How to programmatically read or search through pdf file?

Posted on 2004-11-15
Last Modified: 2012-05-05
Dear pdf experts:

Every week,  I received approximately 575 statistical data REPORTS in the pdf format.
I need to electronically file these reports by sender and the only way that i can get the name of the sender is to read/open up the pdf report.  So rather than do it manually "which is what I am doing now",  I would like to know if there are ways for me programmatically read the pdf file and extracting the name of the sender and put it their appropriate electronic folders.

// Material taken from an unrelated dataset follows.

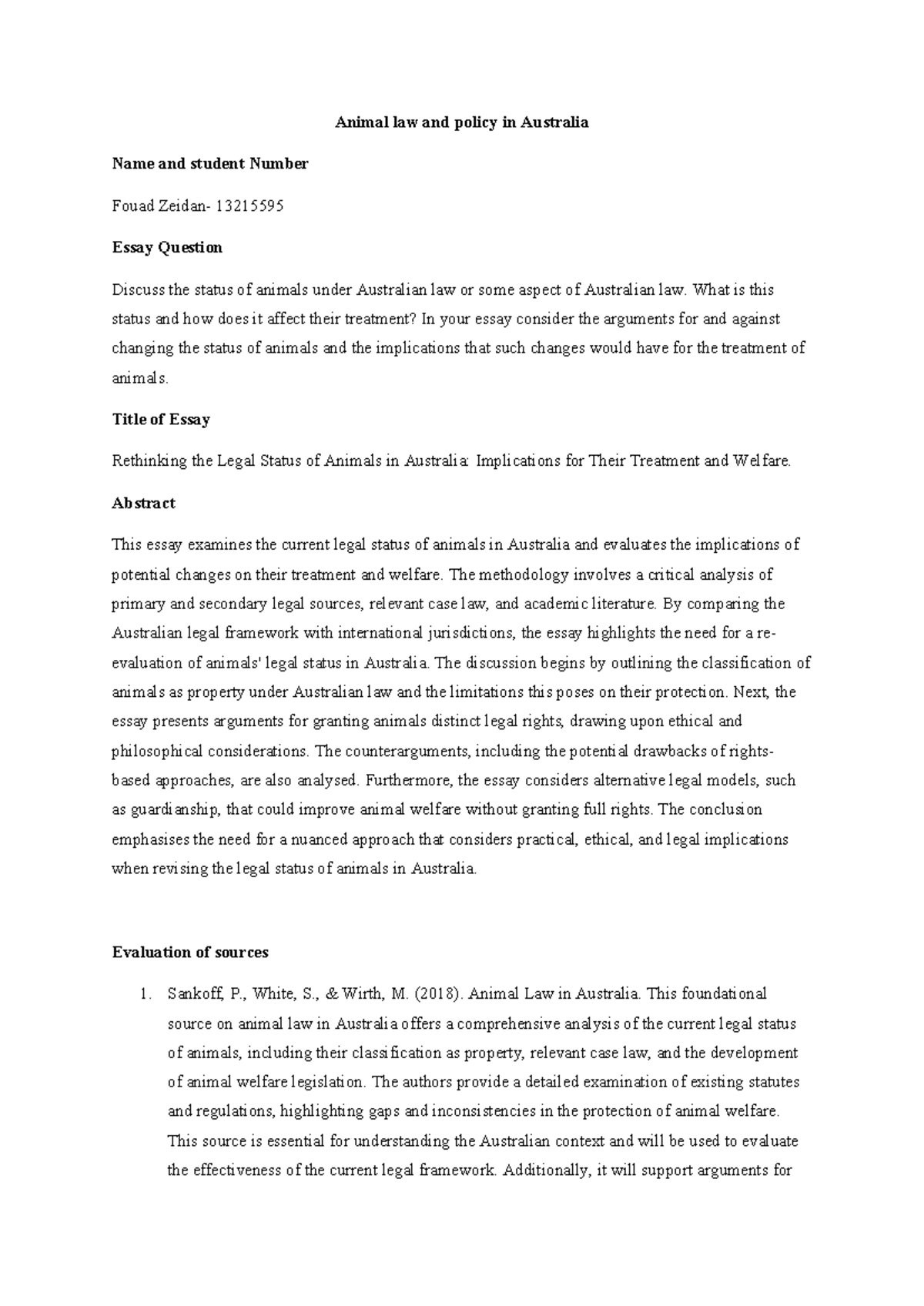 Animal Law (AL101) - Comprehensive Lecture Notes on Legal Status ...
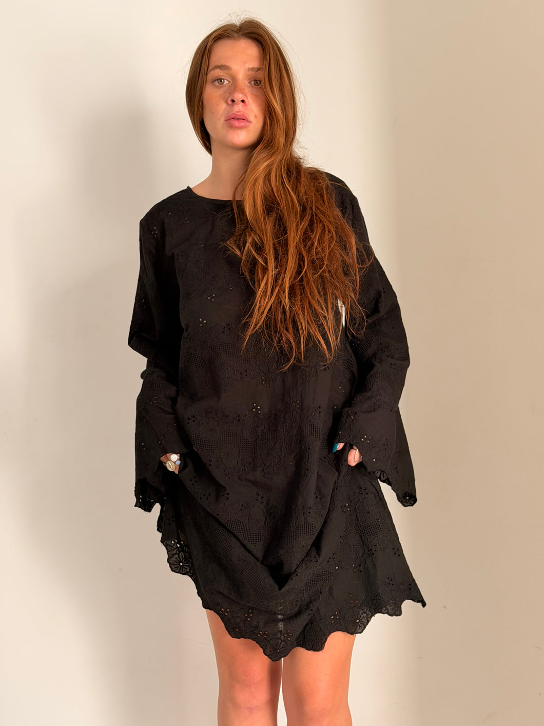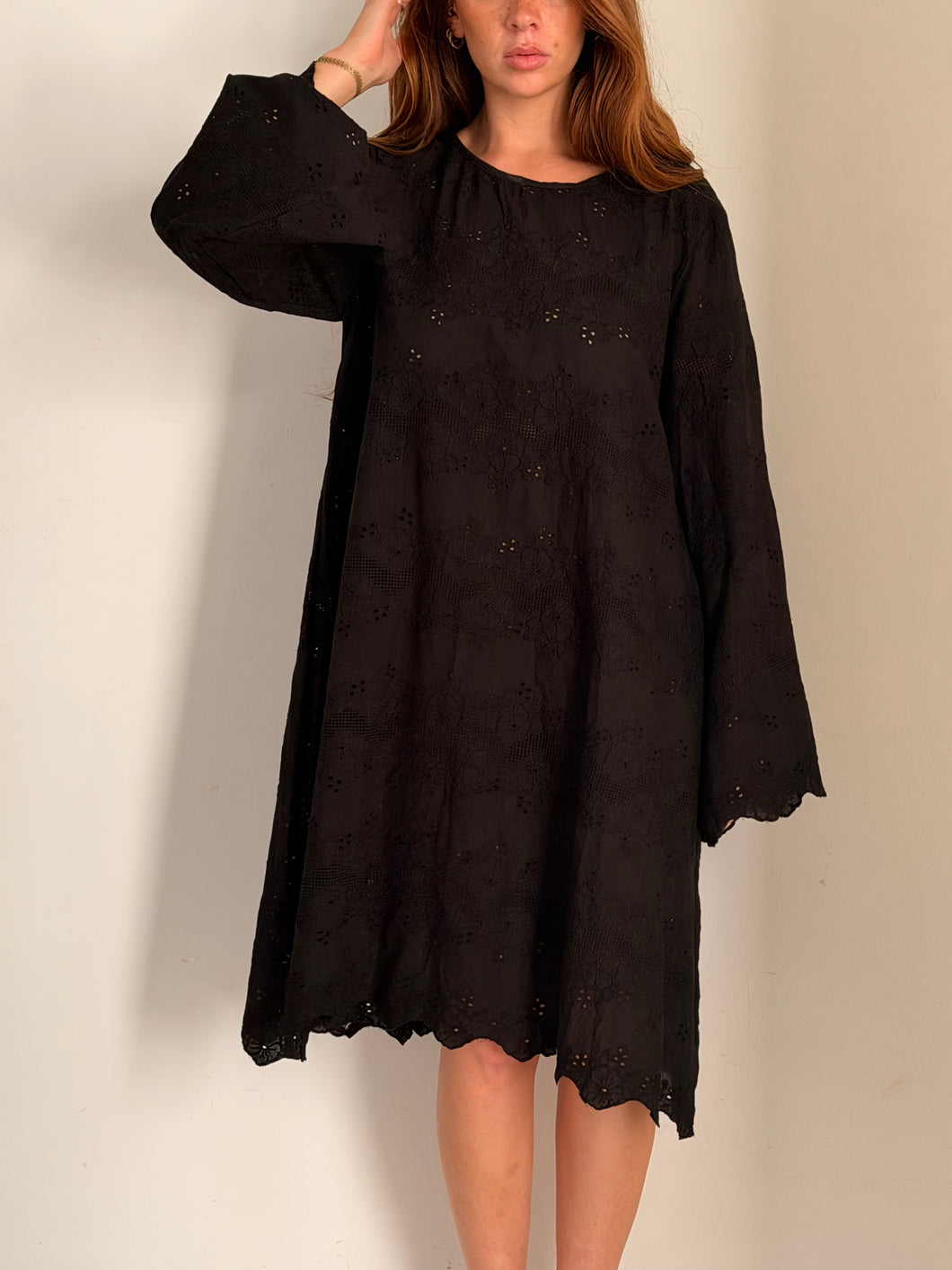 Beautiful cotton broderie black dress

Please note: the name of the pdf reports is not same from week to week.  But inside the pdf report, the report format is ALWAYS the same for all of them.    The name of the sender is always located in the upper left hand corner (1" margin) and also located in the lower right corner (1" margin).

Please HELP!!!!!
In order for me to programmatically read these files, do I need to have Adobe Writer? if yes, do you have sample codes?
If no, then can I use     Please tell me where to look for sample codes or please give some URLs to look into.

Question by:afridays
    LVL 44

    Expert Comment

    by:Karl Heinz Kremer
    This is a non-trivial project, and you should be prepared for quite a bit of work...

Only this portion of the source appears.